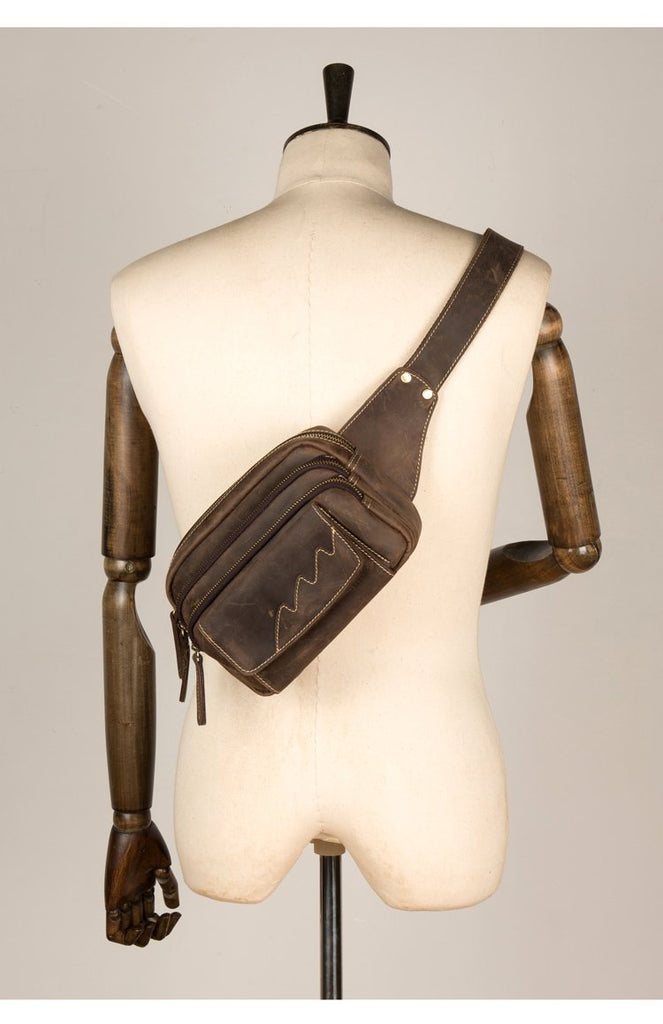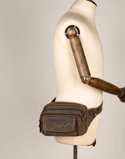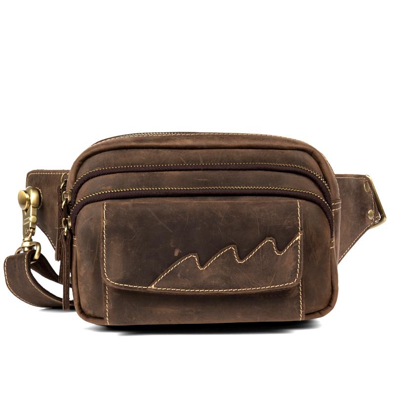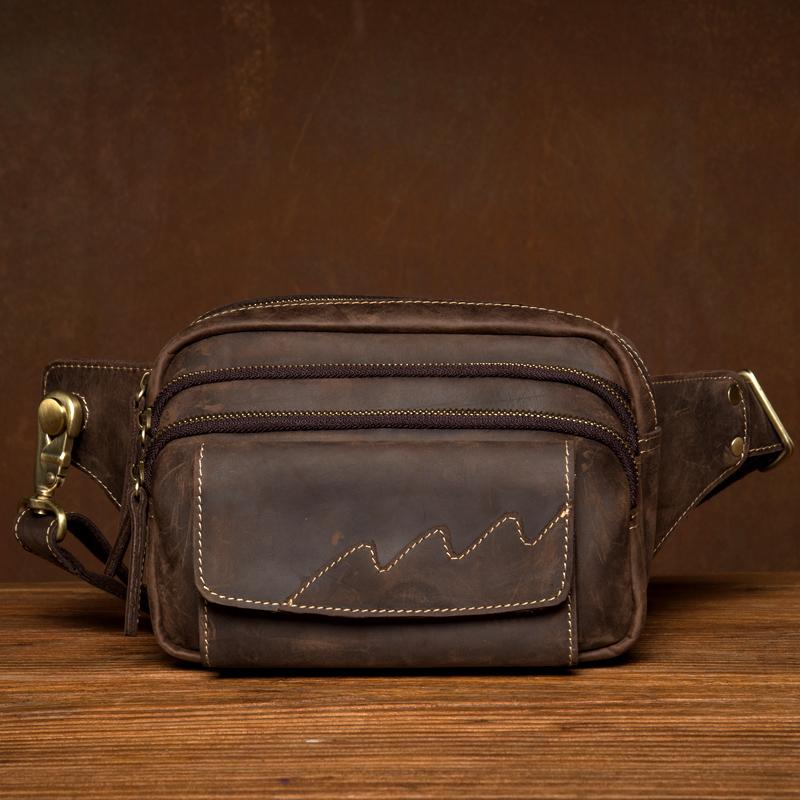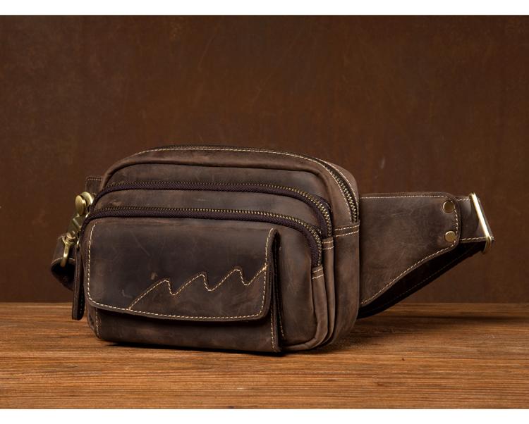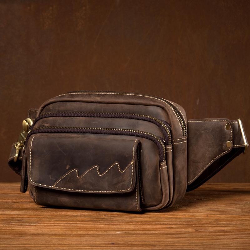 Design: Cool Brown Leather Mens Bumbag Fanny Pack Brown Waist Bag Hip Pack Belt Bag for Men
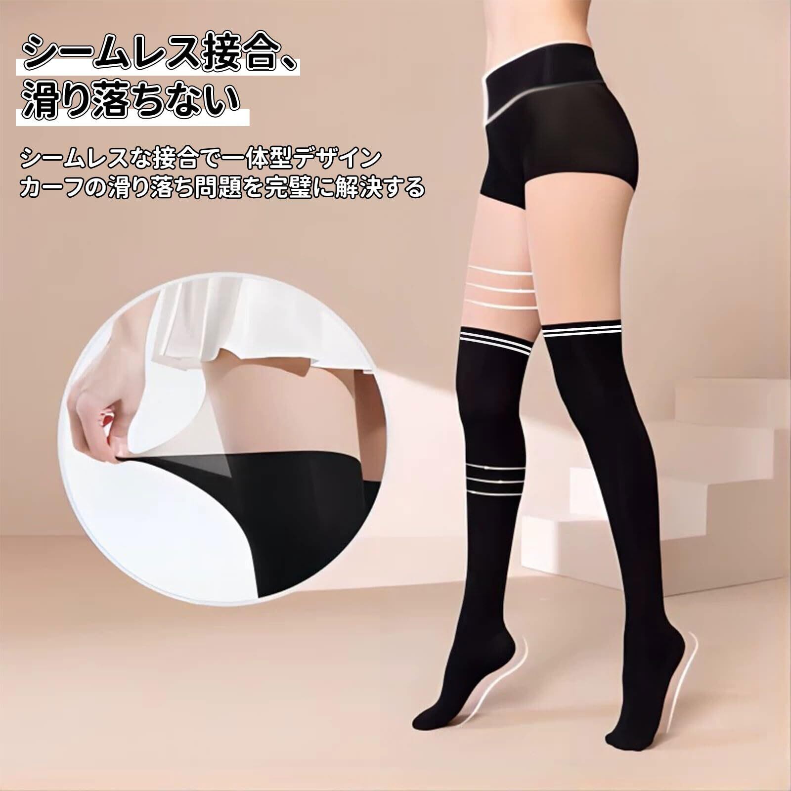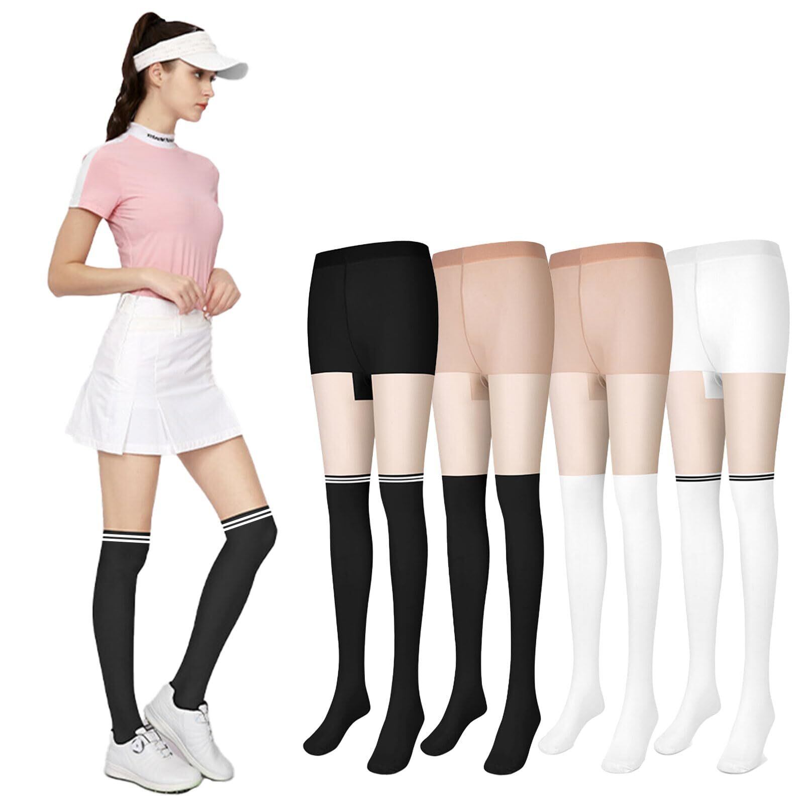 【ソックス一体型革新デザイン】1枚で「ぺチパンツ、ストッキング、ニーソックス」の3役を担うオールインワンゴルフストッキングです。太ももの食い込みや膝上の肉乗りが気になる方にもおすすめのフェイクニーハイデザインです。
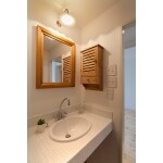 幾何学模様のクロスが美しいスッキリとしたレストルーム
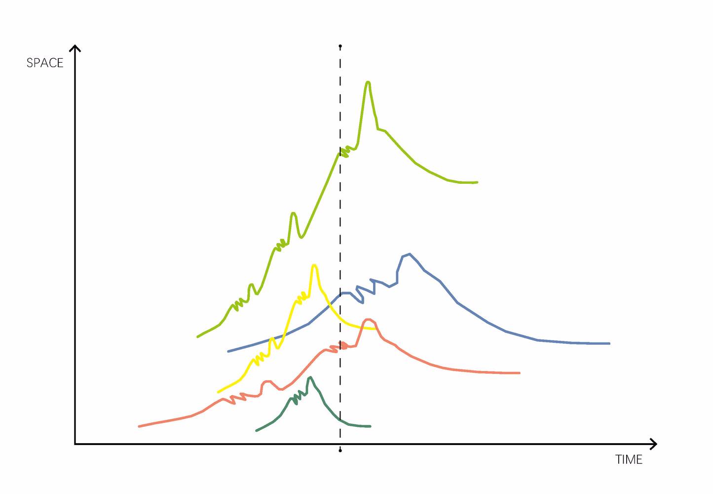 從生命周期的角度觀察一個(gè)團(tuán)隊(duì),其規(guī)模的發(fā)展軌跡在時(shí)間軸上呈正態(tài)分布。共享一個(gè)大空間的不同團(tuán)隊(duì)在時(shí)間軸上的某一點(diǎn)的發(fā)展程度也是不一樣的,因此就存在各個(gè)團(tuán)隊(duì)的各個(gè)正態(tài)曲線在同一時(shí)間點(diǎn)疊加的情況。隨著時(shí)間軸的移動(dòng),各個(gè)團(tuán)隊(duì)的規(guī)模都在發(fā)生變化,而團(tuán)隊(duì)的規(guī)模在空間上的表現(xiàn)就是空間的大小,這就意味著——在整個(gè)空間中,空間的部分與部分之間的界面必須是動(dòng)態(tài)的,而不是靜態(tài)的。
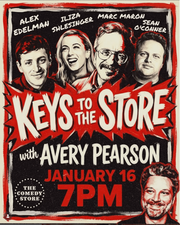 Welcome to the World Famous Comedy Store on Sunset in Hollywood, CA! Tonight’s show is called Keys to the Store. It is hosted by Avery Pearson. It features him playing comedic songs on the keyboards (aka, keys) and key comedians from the LA scene.
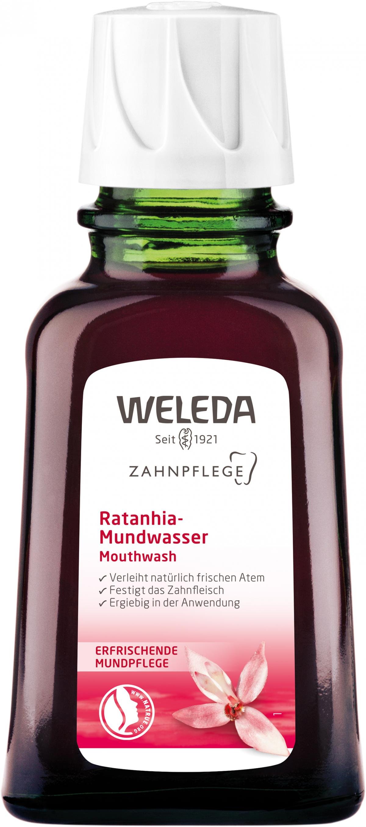 Das Ratanhia Mundwasser regt durch ätherische Öle und mineralische Substanzen die natürlichen Funktionen der Mundschleimhaut an, hält die Mundflora im Gleichgewicht und sorgt für frischen Atem. Auszüge aus der peruanischen Ratanhiapflanze und Myrrhe kräftigen das Zahnfleisch und die Mundschleimhaut und helfen so, Irritationen vorzubeugen. Das Ratanhia Mundwasser ist ein Konzentrat und daher sehr ergiebig.
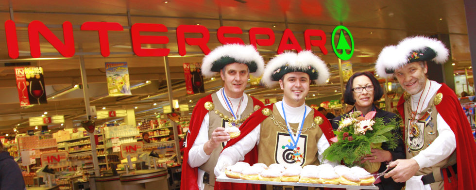 Zum karitativen Engagement gehört auch die jährliche Faschingskrapfenaktion. Am Freitag fand im Interspar St. Veit die Krapfenaktion der Faschingsgilde St. Veit/Glan statt. Interspar spendete die Krapfen und Mitglieder der Faschingsgilde verkauften diese ganztägig. „Wir machen diese Aktion mit der Faschingsgilde St. Veit/Glan schon viele Jahre, weil wir damit auch etwas Gutes tun können“, sagt Interspar-Geschäftsleiterin Anita Rosenzopf. „Das dabei eingenommene Geld wird für einen karitativen Zweck gespendet“, so Präsident Hannes Pugganig.
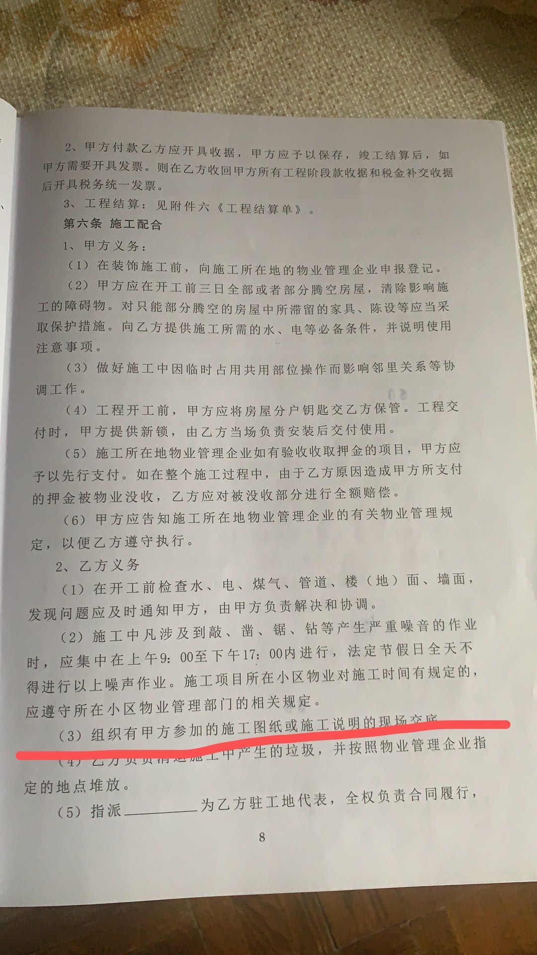 合同約定乙方有義務(wù)組織有甲方參加的現(xiàn)場交底,乙方?jīng)]有盡到應(yīng)盡的義務(wù),加上前期一直溝通不暢,項目經(jīng)理也沒有及時提交項目進(jìn)度表,不主動告知施工安排先斬后奏,提出問題不能好好解決。并且,施工圖紙都沒打印最終版讓我們確認(rèn),只讓微信群溝通,溝通也無果。
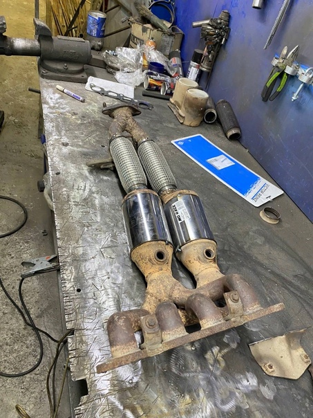 Вырезали катализаторы и почистили выхлопной коллектор
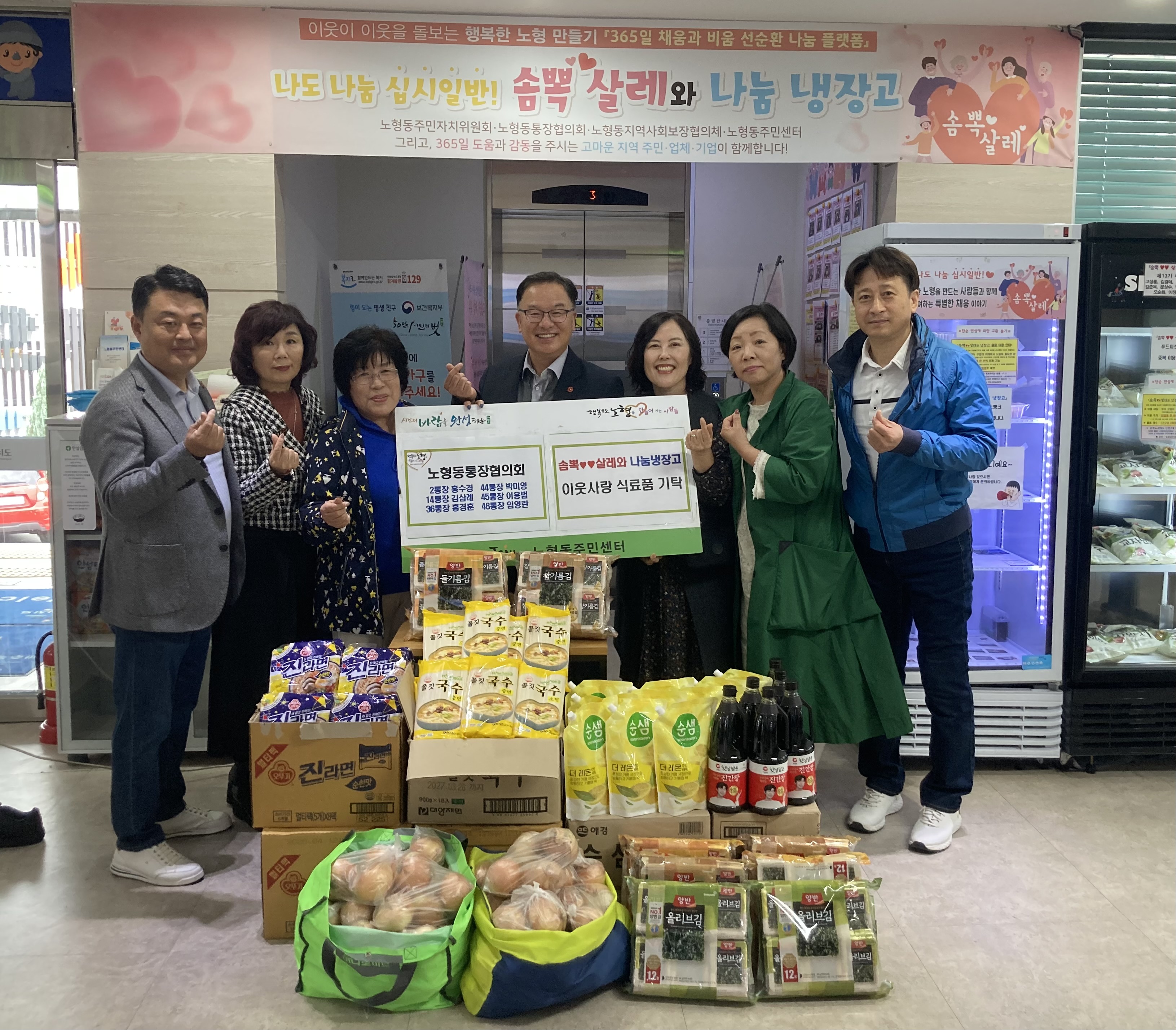 ❍ 노형동통장협의회(회장 현상진) 통장 일동은 11. 7.(금) 노형동주민센터(동장 고광수) 1층에서 운영하는 『솜뽁 ♥♥ 살레와 나눔냉장고』에 라면, 양파, 김 등의 식료품을 기부했다.
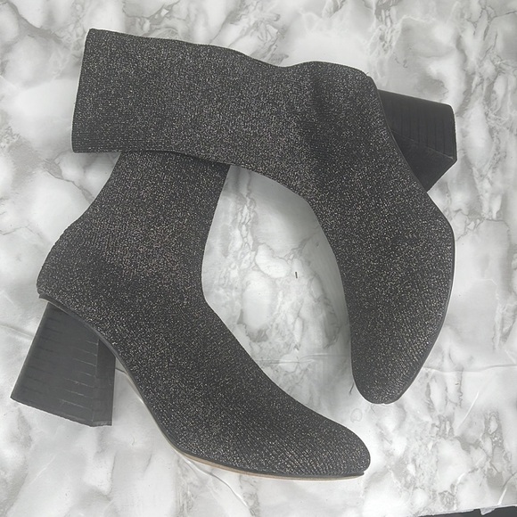 Mr Merna Sparkle Plush Cloth Sock Ankle Booties With Trapeze Heel Size 38
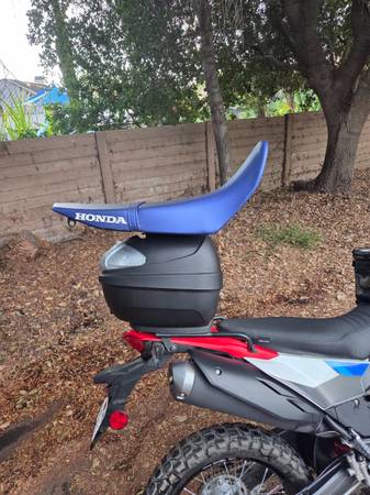 Like new and never been down dual sport motorcycle. Very well taken care of by an older rider. Absolutely nothing wrong with this motorcycle. We just need to move. So the motorcycle must go. Comes with top case and a very comfortable seat by seat concepts. Also Comes with the original blue Honda seat. No tariff, no tax, no dealer fees,just a very low mileage bike for a great price. I hate to let it go. But I have to for now. Clean title in hand.
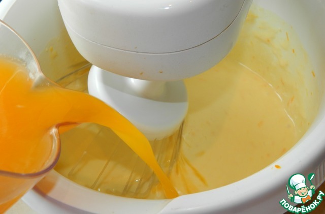 Хорошо перемешиваем яйца, цедру апельсина, муку и стакан молока. Вливаем апельсиновый сок.
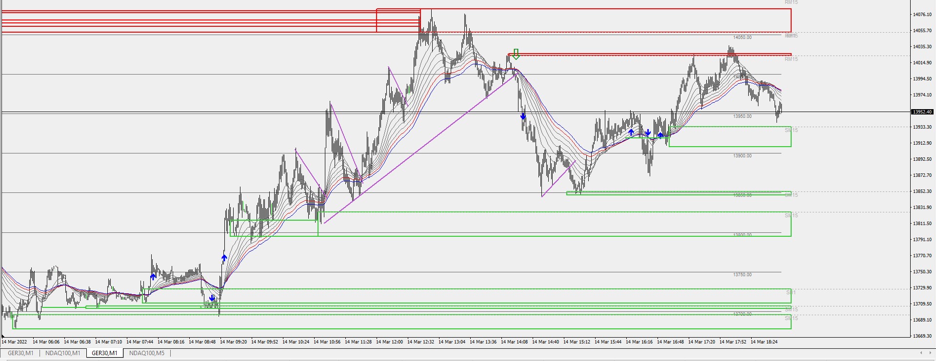 Its the Dax from today. The blue arrows are where the 70 and 80 cross and the green arrow is where I think the reversal is confirmed. Although still a good trade, if I'd have waited until the first clear pullback following the 70/80 cross I'd miss most of the move.
· · · · ·
Your task
Emit the lines of the material exactly, from its first line to the line containing "從生命周期的角度觀察一個(g", inclusive; leave every picture out.

Solution
 Design: Cool Brown Leather Mens Bumbag Fanny Pack Brown Waist Bag Hip Pack Belt Bag for Men
 【ソックス一体型革新デザイン】1枚で「ぺチパンツ、ストッキング、ニーソックス」の3役を担うオールインワンゴルフストッキングです。太ももの食い込みや膝上の肉乗りが気になる方にもおすすめのフェイクニーハイデザインです。
 幾何学模様のクロスが美しいスッキリとしたレストルーム
 從生命周期的角度觀察一個(gè)團(tuán)隊(duì),其規(guī)模的發(fā)展軌跡在時(shí)間軸上呈正態(tài)分布。共享一個(gè)大空間的不同團(tuán)隊(duì)在時(shí)間軸上的某一點(diǎn)的發(fā)展程度也是不一樣的,因此就存在各個(gè)團(tuán)隊(duì)的各個(gè)正態(tài)曲線在同一時(shí)間點(diǎn)疊加的情況。隨著時(shí)間軸的移動(dòng),各個(gè)團(tuán)隊(duì)的規(guī)模都在發(fā)生變化,而團(tuán)隊(duì)的規(guī)模在空間上的表現(xiàn)就是空間的大小,這就意味著——在整個(gè)空間中,空間的部分與部分之間的界面必須是動(dòng)態(tài)的,而不是靜態(tài)的。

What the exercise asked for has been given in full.